The Committee also approved 2019 cash and equity compensation plans for Edward McGowan, who has been elected by the Company’s Board of Directors to become the Company’s Chief Financial Officer as of March 1, 2019. The structure of, and financial metrics applicable to, the cash incentive plan and RSUs approved for McGowan are the same as those approved for Messrs. Leighton, Blumofe and McConnell. Effective March 1, 2019, his 2019 base salary will be $450,000, with a target cash bonus equal to 85% of his 2019 salary earnings and a maximum cash bonus equal to 170% of his 2019 salary earnings. The RSU grants approved for Mr. McGowan are as follows:
Name
Dollar Value of RSUs with Annual Vesting To Be Granted
Dollar Value of Corporate Performance-Based RSUs To Be Granted
Dollar Value of Stock Performance-Based Vested RSUs To Be Granted
 (target deliverable)
(maximum deliverable)
 (target deliverable)
 (maximum deliverable)
Mr. McGowan
$880,000
$880,000
$1,760,000
$440,000
$880,000

The Company and Mr. McGowan are parties to a change of control and severance agreement (the “COC Agreement”) consistent with the form of agreement previously filed with the Commission on November 17, 2015. Mr. McGowan is eligible to participate in the Akamai Technologies, Inc. Executive Severance Plan that was previously filed with the Commission on July 23, 2012 (the “Severance Plan”).
On February 25, 2019, the Company entered into a Transition Agreement with James Benson, the Company’s principal financial officer, setting forth the terms of his employment as an advisor to the Chief Executive Officer from March 1, 2019 through September 30, 2019 (or such other date as agreed to by the parties)
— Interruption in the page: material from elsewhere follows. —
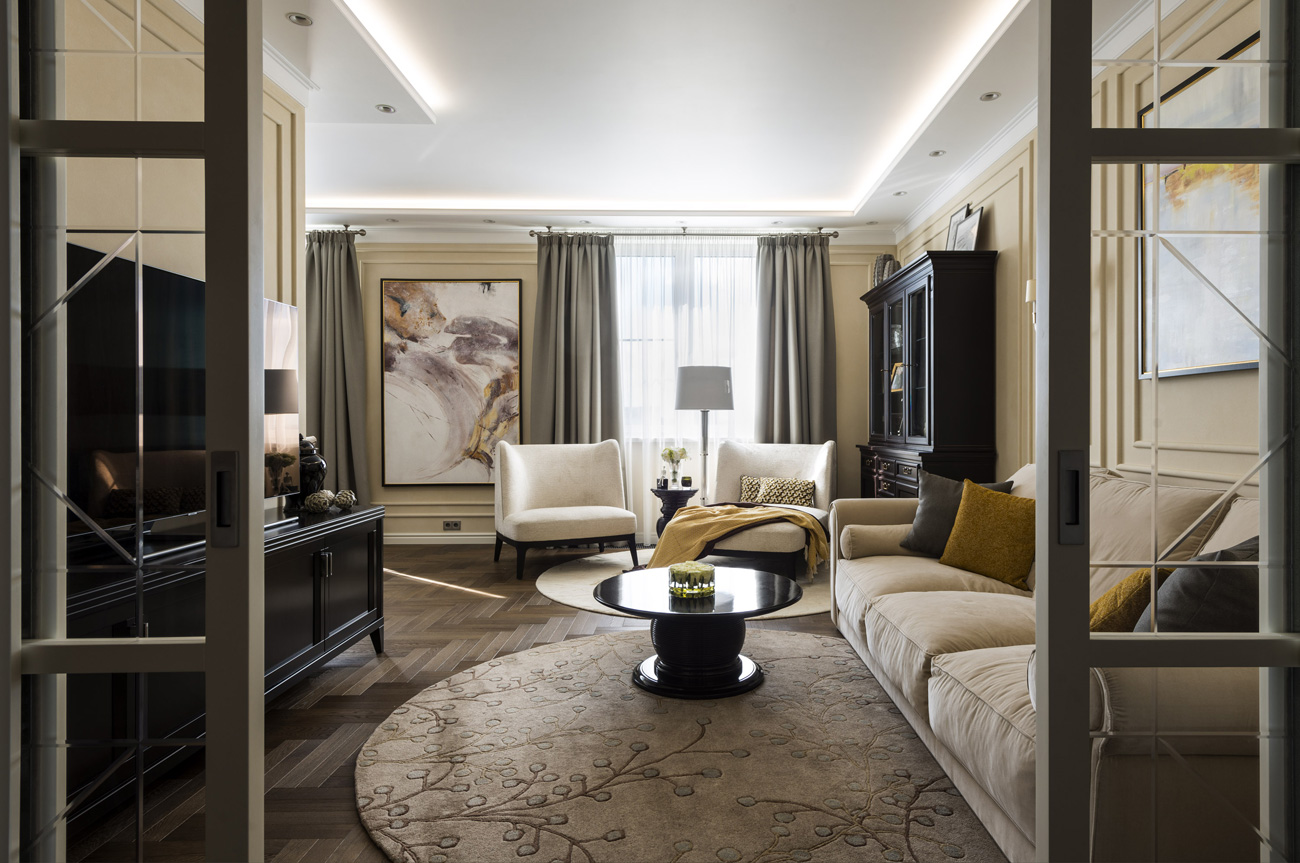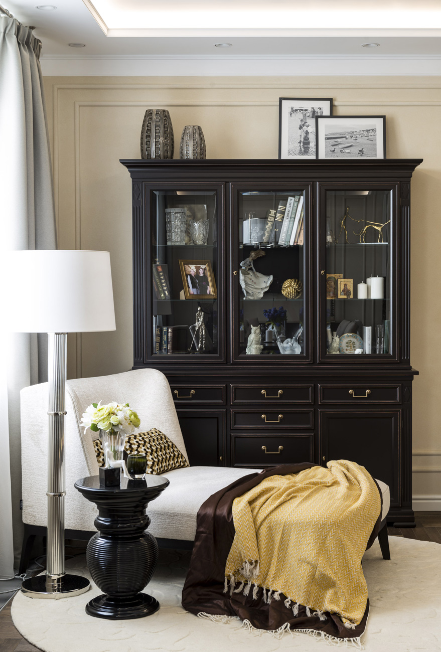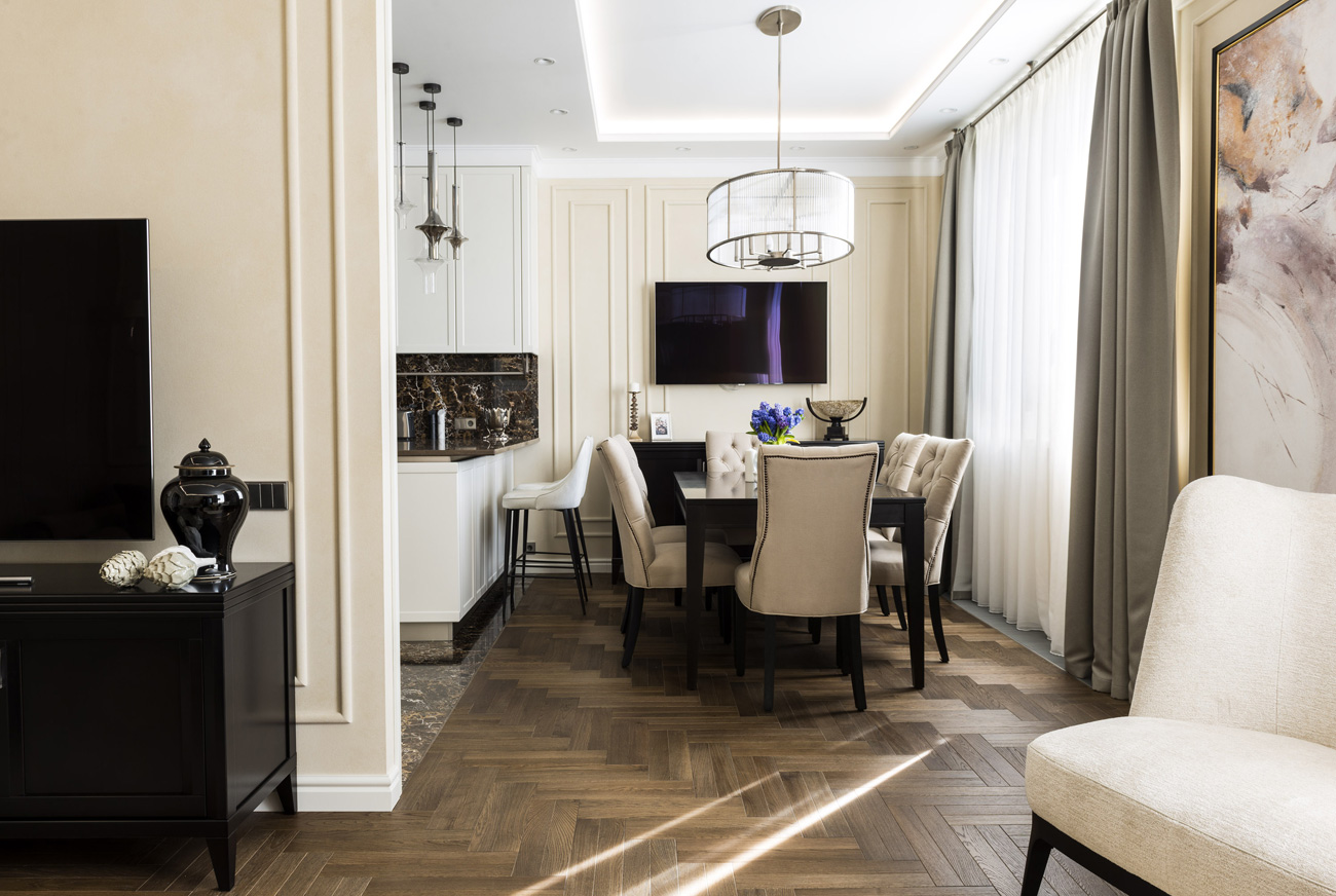 Прямоугольные очертания молдингов на стенах и филенок на дверях шкафов вместе с контрастными сочетаниями придают интерьеру эффект графичности. Бра в зоне гостиной в вечернее время обеспечиваю приглушенный комфортный свет.

to assist with transitioning Mr. Benson’s duties and responsibilities to Mr. McGowan. Pursuant to the terms of the Transition Agreement, Mr. Benson will maintain his current annualized salary of $500,000 through April 2019 and thereafter receive a salary of $10,000 per month until September 30, 2019. In addition, he will receive a lump sum cash bonus of $150,000 payable upon termination of his employment with the Company at such time. The Transition Agreement also provides for the continued vesting of performance-based RSUs issued to Mr. Benson in 2017 and 2018 (the “2017 and 2018 PRSUs”), consistent with existing vesting schedules, to the extent earned based on the Company’s certified performance through December 31, 2018, notwithstanding the fact that he will not be an employee of the Company on such vesting date(s). In the event Mr. Benson is terminated without “cause” or resigns for “good reason” (each as defined in the Transition Agreement) following a change of control of Akamai that occurs between March 1, 2019 and September 30, 2019, he will be entitled to accelerated vesting of the earned portion of the 2017 and 2018 PRSUs based on the actual level of financial achievement. The description of the Transition Agreement contained herein is qualified in its entirety by reference to the copy thereof filed herewith as Exhibit 10.1 and incorporated herein by reference.

Item 9.01
Financial Statements and Exhibits

(d)
Exhibits

10.1    Transition Agreement dated February 25, 2019 between the Registrant and James Benson

SIGNATURE
Pursuant to the requirements of the Securities Exchange Act of 1934, the Registrant has duly caused this report to be signed on its behalf by the undersigned hereunto duly authorized.